####################
#
# Filename: 20110913.R
#
####################
#
# Today: Two instances of the use of Monte Carlo
# techniques. The first instance (Chapter 2) tests
# the validity of a statistical test. The second
# instance determines the distribution of a test
# statistic that you have already defined.
##################################################
# Testing a test
# Note: For a test to be appropriate, the p-values
# must be Uniformly distributed between 0 and 1.
#####
# I: Test the t.test to see if it is appropriate when
# the sample size is 30 and the measurements are
# Normally distributed. (It should be.)
# 1. Initialize
set.seed(577)
p <- numeric()
trials <- 10000
n <- 30
# 2. Loop
for(i in 1:trials) {
x <- rnorm(n, m=0, s=1) # Core (Normal)
p[i] <- t.test(x,mu=0)$p.value # Core (the test)
}
# 3. Display results
hist(p)
# Note that the histogram has no apparent increasing
# or decreasing trends. It may not be flat, but the
# variation looks totally random. Increasing the
# number of trials will even this out even more.
# However, increasing the number of trials will also
# increase the time it takes to run this test.
#
# NOW, what if the Normality assumption is violated?
# Can we still use the t-test? What if our sample
# size were 30? Let us find out. We will only change
# the core of the above script.
# 1. Initialize
set.seed(577)
p <- numeric()
trials <- 10000
n <- 30
# 2. Loop
for(i in 1:trials) {
x <- rexp(n, rate=1) # Core (Exponential)

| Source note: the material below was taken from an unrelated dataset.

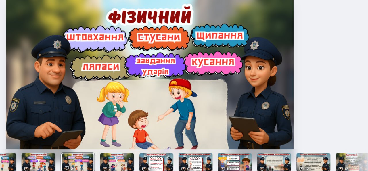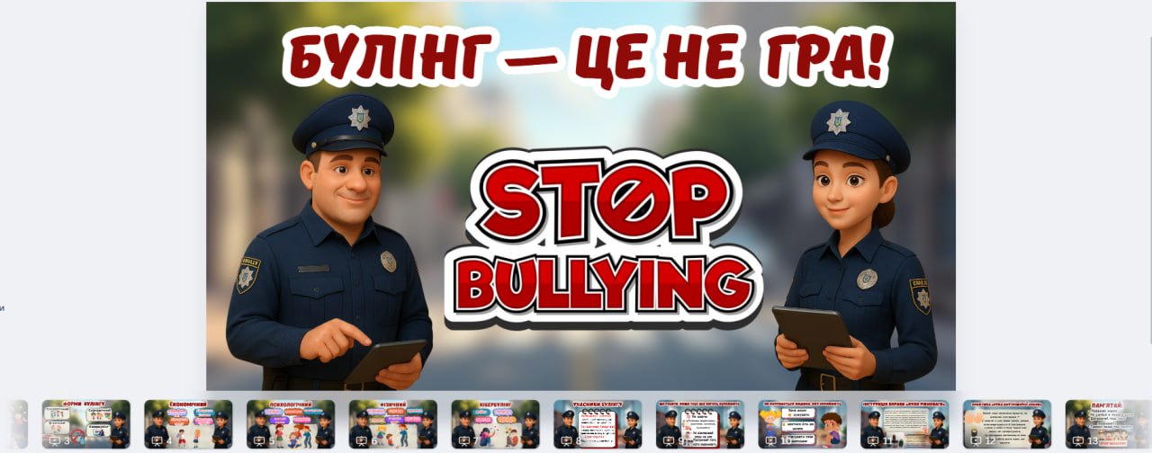 У презентації розкрито поняття булінгу в доступній для молодших школярів формі, подано його основні види, наслідки та шляхи запобігання. Матеріал супроводжується короткими висловами, порадами, прикладами добрих учинків і позитивними гаслами. Мета презентації — формування у дітей початкових класів навичок доброзичливого спілкування, поваги одне до одного та нетерпимості до будь-яких проявів насильства чи образ.

p[i] <- t.test(x,mu=1)$p.value # Core (the test)
}
# 3. Display results
hist(p)
# Note that the first bar in the histogram is MUCH
# larger than we would expect if the test were
# appropriate. As such, the t-test is inappropriate
# in this circumstance.
#
# BUT, what if the sample size were n=100? Could we
# use the t-test then? Well, let us find out:
# 1. Initialize
set.seed(577)
p <- numeric()
trials <- 10000
n <- 100
# 2. Loop
for(i in 1:trials) {
x <- rexp(n, rate=1) # Core (Exponential)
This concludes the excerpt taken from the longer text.